Dans la ligne 4 du métro parisien, vers 6 heures du matin, plusieurs personnes, les yeux clos, tentent de grappiller quelques minutes de sommeil supplémentaires. Si la plupart sont en route pour le travail en ce lundi 8 juillet, Maé, 25 ans, n’a de son côté pas dormi de la nuit : le jeune homme a fait la fête non-stop avec ses amis à Châtelet pour fêter la victoire de la gauche aux législatives. On le rencontre assis sur un siège sur le quai. «On a bu des verres et discuté pendant des heures, ça nous a fait un bien fou : on était tellement soulagés», dit l’étudiant, les yeux brillants sous ses sourcils blond platine. Ce 8 juillet a un goût de lendemains qui chantent pour Maé, jeune homme trans qui «s’attendait vraiment, au regard du premier tour, à ce que l’extrême droite soit victorieuse». «Quand on a vu les résultats, ça a été une délivrance incroyable : on va pouvoir continuer à exister de manière ubuesque», sourit celui qui, la semaine dernière, est allé tracter trois fois pour le NFP et compte bien continuer à se mobiliser : «On l’a vu hier : quand la gauche est unie, ça fonctionne. Il y a forcément un espoir qui renaît pour l’élection présidentielle de 2027.» D’ici là, Maé a bien mérité de se reposer un peu : il lui tarde «d’aller faire un câlin à son chat», puis de se glisser dans son lit et de «s’endormir heureux».
Analyse
Kissima, lui, rentre du travail. L’homme de 54 ans, qui a aussi voté NFP, est «soulagé» de l’issue de ce second tour. Cet agent de quai chez DHL est peu prolixe : il est fatigué et pressé d’arriver chez lui. Il nous dit gentiment au revoir et reprend sa partie de Candy Crush. Un autre usager du métro, lui, regarde les résultats des élections sur son téléphone. D’autres écoutent de la musique ou visionnent des vidéos sur les réseaux sociaux, somme toute comme un lundi matin classique.

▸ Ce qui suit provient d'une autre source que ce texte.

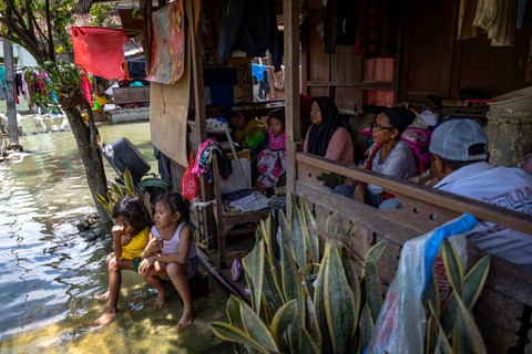 Warga menjemur barang rumah tangga yang masih bisa diselamatkan pascabanjir yang merendam rumah mereka di Desa Wonorejo, Kecamatan Karanganyar, Kabupaten Demak, Jawa Tengah, Minggu (18/2/2024). Foto: Aji Styawan/Antara Foto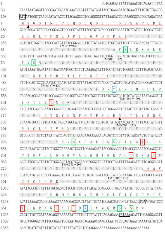Nucleotide and deduced amino acid sequences of Sj5-HT6r. The initiation codon (ATG) and stop codon (TGA) are indicated with black boxes. The predicted transmembrane regions are indicated in gray shading; the predicted extracellular region is indicated in bold pink underline; the predicted intracellular region is indicated in bold green underline; the predicted glycosylation sites are indicated by ▲; the blue boxes mark the predicted phosphorylation sites for tyrosine (Y), the red for threonine (T), and the green for serine (S). The numbers on the left represent nucleotide and amino acid numbers, respectively. The polyadenylation signal sequence (TATAA) is marked with a black underline.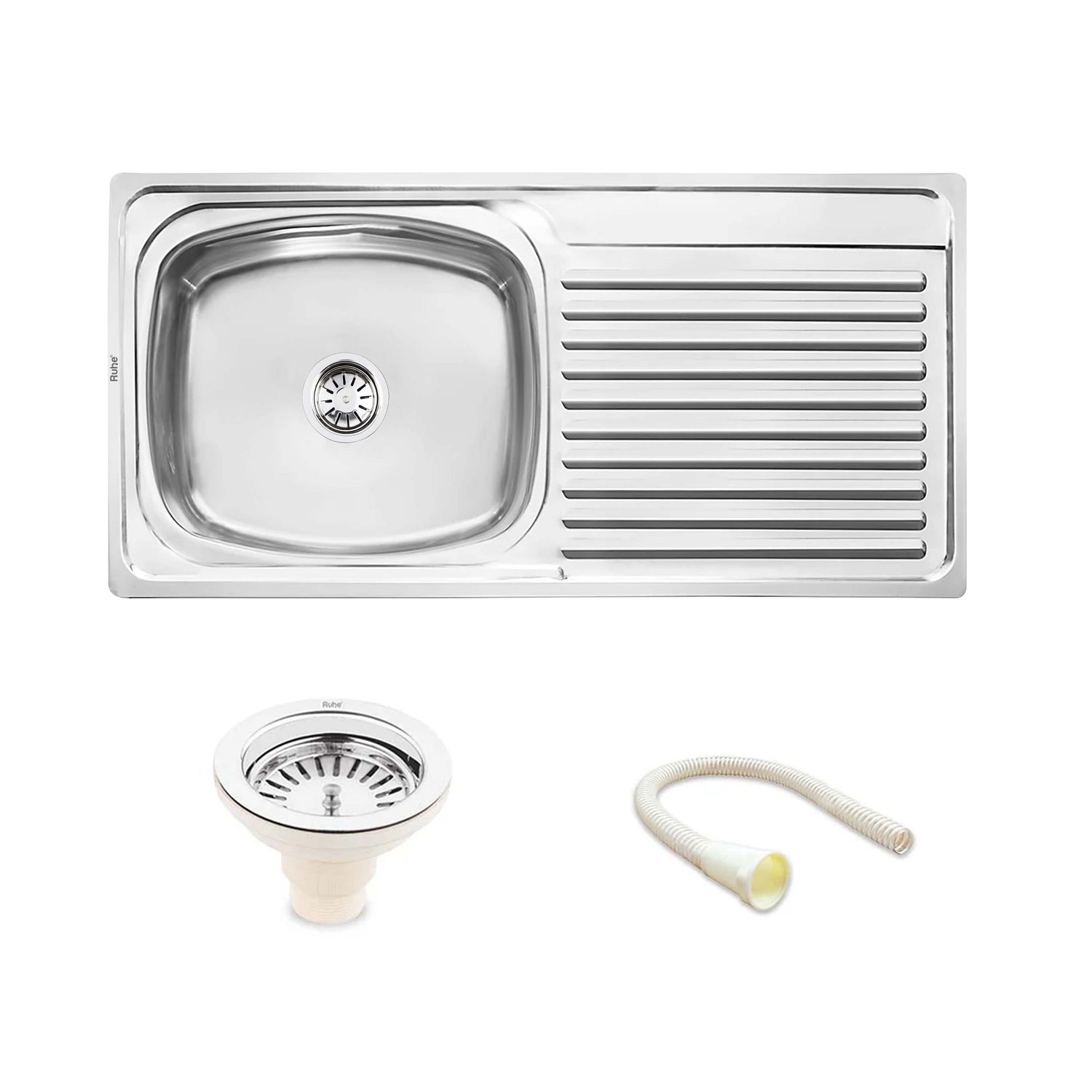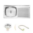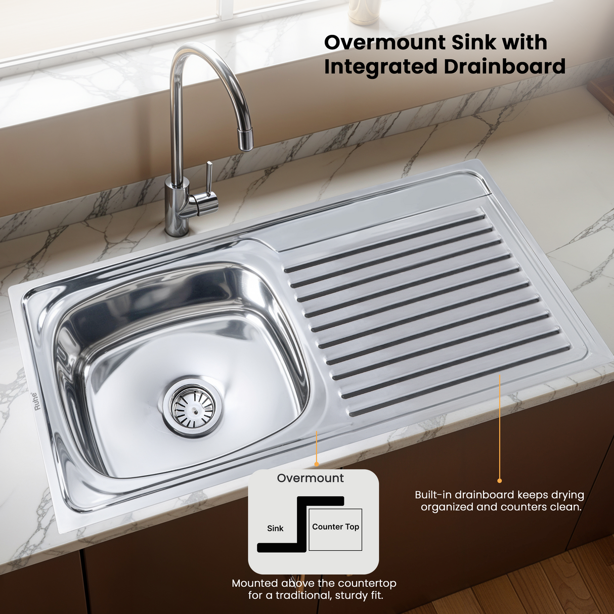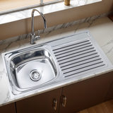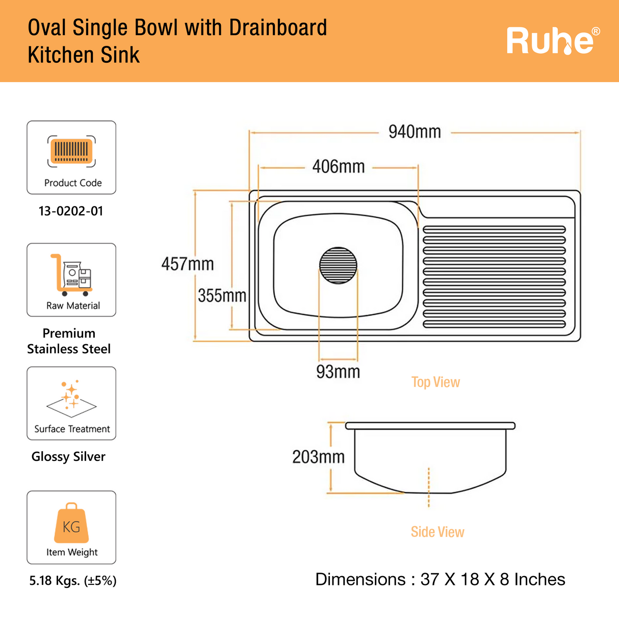 Oval Single Bowl with Drainboard Kitchen Sink (37 x 18 x 8 Inches)

«Je n’ai pas tout suivi : je n’ai pas le droit de vote», nous explique une jeune femme de 35 ans. Arrivée en France en 2018, cette femme de ménage malienne se dit tout de même «contente que l’extrême droite ne soit pas passée : la suppression du droit du sol, leur discours sur l’immigration… Tout cela n’est pas souhaitable». Atou, elle aussi femme de ménage originaire du Mali, est au bord des larmes au moment de nous parler : la vingtenaire a «eu très peur». «Après avoir donné ma voix au NFP au premier tour, je ne suis même pas allée voter au second : j’avais perdu espoir. Je m’attendais déjà à devoir partir de France, quand bien même j’ai la nationalité française. Mes amis m’ont remonté les bretelles, je ne suis pas fière : aux prochaines élections, c’est sûr, j’irai voter !» Et d’ajouter, la voix étranglée : «Les discours xénophobes, racistes, on y était déjà habitués avant. Mais la perspective de l’extrême droite au pouvoir, c’est encore autre chose. Je suis vraiment très contente ce matin.»

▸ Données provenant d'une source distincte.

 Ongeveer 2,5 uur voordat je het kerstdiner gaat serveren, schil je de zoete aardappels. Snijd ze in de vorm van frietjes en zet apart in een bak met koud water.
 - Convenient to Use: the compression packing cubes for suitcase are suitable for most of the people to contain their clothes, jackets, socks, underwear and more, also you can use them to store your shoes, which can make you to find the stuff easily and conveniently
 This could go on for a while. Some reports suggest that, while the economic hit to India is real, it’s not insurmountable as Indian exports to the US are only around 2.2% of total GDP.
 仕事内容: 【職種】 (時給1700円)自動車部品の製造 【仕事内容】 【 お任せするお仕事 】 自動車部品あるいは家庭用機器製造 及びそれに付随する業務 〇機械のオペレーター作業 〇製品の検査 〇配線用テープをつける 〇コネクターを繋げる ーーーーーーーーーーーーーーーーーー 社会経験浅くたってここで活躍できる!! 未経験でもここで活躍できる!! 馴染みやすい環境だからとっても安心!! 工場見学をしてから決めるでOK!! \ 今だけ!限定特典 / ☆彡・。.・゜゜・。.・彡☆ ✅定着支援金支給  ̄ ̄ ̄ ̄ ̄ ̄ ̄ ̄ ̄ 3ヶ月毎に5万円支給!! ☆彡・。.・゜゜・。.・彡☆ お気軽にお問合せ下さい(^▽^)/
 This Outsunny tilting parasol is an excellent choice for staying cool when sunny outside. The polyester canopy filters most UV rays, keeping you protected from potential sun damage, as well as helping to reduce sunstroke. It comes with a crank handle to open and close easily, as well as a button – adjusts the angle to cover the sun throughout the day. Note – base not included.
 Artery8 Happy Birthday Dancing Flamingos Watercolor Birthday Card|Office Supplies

A la sortie du métro, au niveau de la gare Montparnasse, on croise Fabrice, un éboueur de 45 ans. Tout en nettoyant le sol jonché de mégots avec un balai, cet homme noir nous indique avoir voté RN. «Certaines personnes ont été choquées : tout de même, passer de la première à la troisième place en seulement une semaine…» D’habitude, il vote un coup à gauche, un coup à droite. Cette fois-ci, il a souhaité «tenter autre chose» : «J’ai voulu voir si le RN allait pouvoir changer les choses. Les politiques, ils ne tiennent jamais leurs promesses. A mon avis, à l’Assemblée nationale, ça va être la guerre étant donné qu’il n’y a pas de majorité absolue.» Non loin de lui, plusieurs affiches en faveur du Nouveau Front populaire sont collées sur un mur. L’une d’elles dit ceci, répondant aux aspirations de Fabrice : «Votez Nouveau Front populaire pour tout changer.»